**Exercise inputs**.
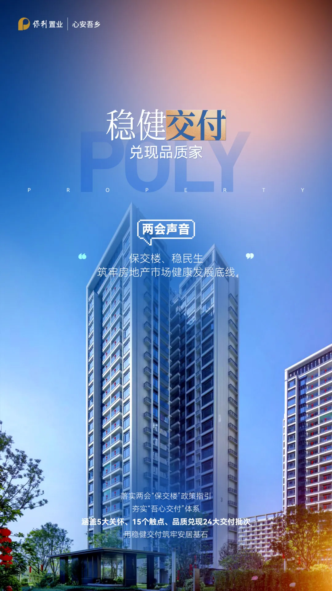 品质是底线,责任是生命线。后续,保利置业将以“两会精神”为指引,以消费者权益日为契机,把高质量发展刻入骨髓,把市场客户需求落到实处,以实干笃定前行,用品质回应期盼,为广大人民的美好生活贡献保利力量。
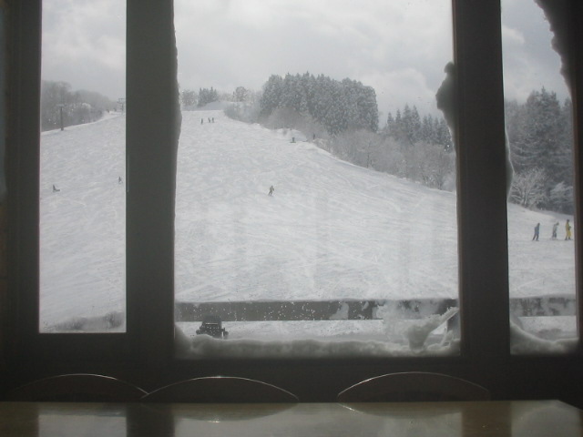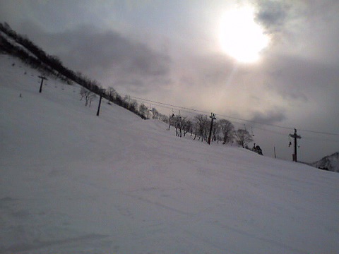 リフトで上がった上の方は思ってた以上に広くて、緩急取り混ぜてコースどりも色々あって、積雪たったの120cmであまり期待してなかった雪質もこのごろの冷え込みで申し分無かったし、勿論ゲレンデはガラガラだしで大変満足でした。
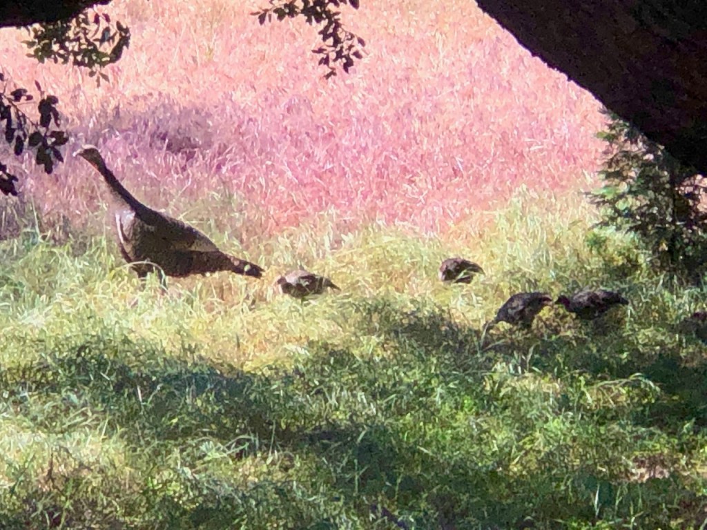 I heard plenty of birds chirping along the way, and saw many butterflies. The Volcan Mountain Wilderness Preserve is home to a variety of wildlife, including deer, coyotes, bobcats, and a wide variety of birds, such as wild turkeys. I happened to spot a family of these large birds, and they were not very quick to react to my presence.
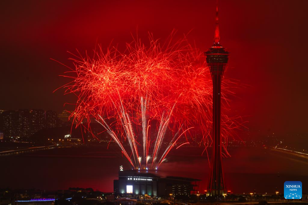 This photo taken on Feb. 23, 2026 shows a fireworks show above the sea near Macao Tower in Macao, south China. A drone and fireworks show was held on Monday by the Macao Government Tourism Office to celebrate the Spring Festival. (Xinhua/Cheong Kam Ka)
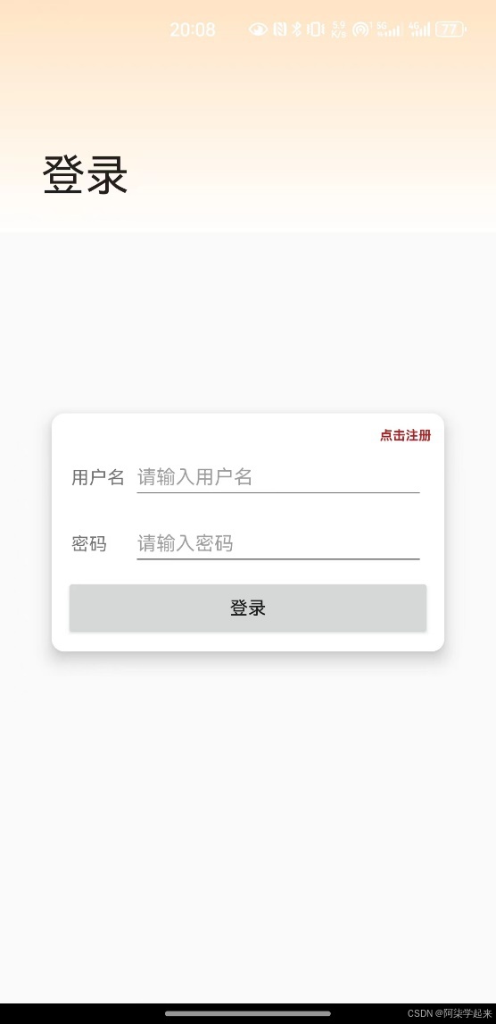 - 登录功能:第一次使用 app,需要输入用户姓名、年龄、性别、籍贯和联系方式,然后登录(注册的信息都保存到本地数据库中)。
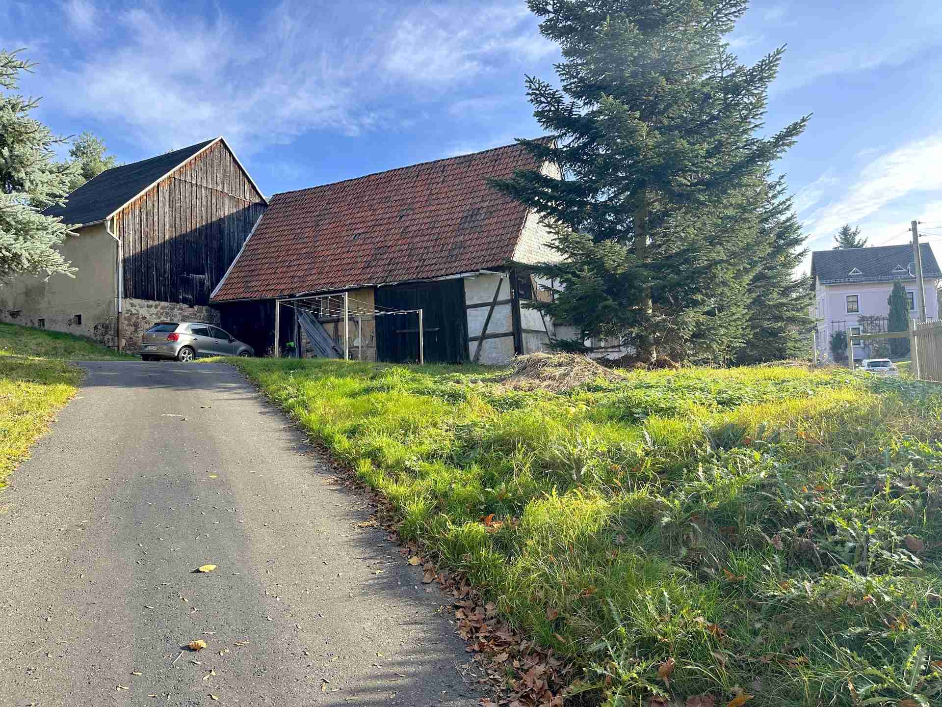 Auf einem großzügigen Grundstück von ca. 3.470 m² vereinen sich ein zweigeschossiges Wohnstallhaus und drei charaktervolle Scheunen zu einem architektonisch reizvollen Ensemble.
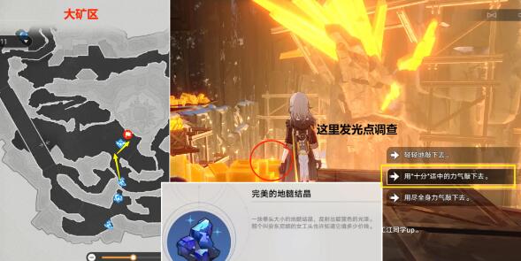 (2)然后去下图【大矿区】位置,发光点处【调查】后,选择【用‘十分’适中的力气敲下去】,即可会获得【完美的地髓结晶】
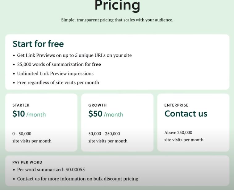 Many companies and individuals write articles to inform, educate, or even put forth an argument. In today’s reduced attention span, to draw readers into these immersive and researched articles, you need a great summary of the content. Sounds like a great job for AI! Summari is a great tool that does just that, if analyzes your content and then provides a summary of the content, You can read more about this tool here: https://www.summari.com/products/link-previews Pricing is as follows:

**What to work on**. Start at the line containing "This photo taken" above and stop at the line containing "(2)然后去下图【大矿区】位". Output those lines exactly, both included, but none of the pictures.

**Written response**.
 This photo taken on Feb. 23, 2026 shows a fireworks show above the sea near Macao Tower in Macao, south China. A drone and fireworks show was held on Monday by the Macao Government Tourism Office to celebrate the Spring Festival. (Xinhua/Cheong Kam Ka)
 - 登录功能:第一次使用 app,需要输入用户姓名、年龄、性别、籍贯和联系方式,然后登录(注册的信息都保存到本地数据库中)。
 Auf einem großzügigen Grundstück von ca. 3.470 m² vereinen sich ein zweigeschossiges Wohnstallhaus und drei charaktervolle Scheunen zu einem architektonisch reizvollen Ensemble.
 (2)然后去下图【大矿区】位置,发光点处【调查】后,选择【用‘十分’适中的力气敲下去】,即可会获得【完美的地髓结晶】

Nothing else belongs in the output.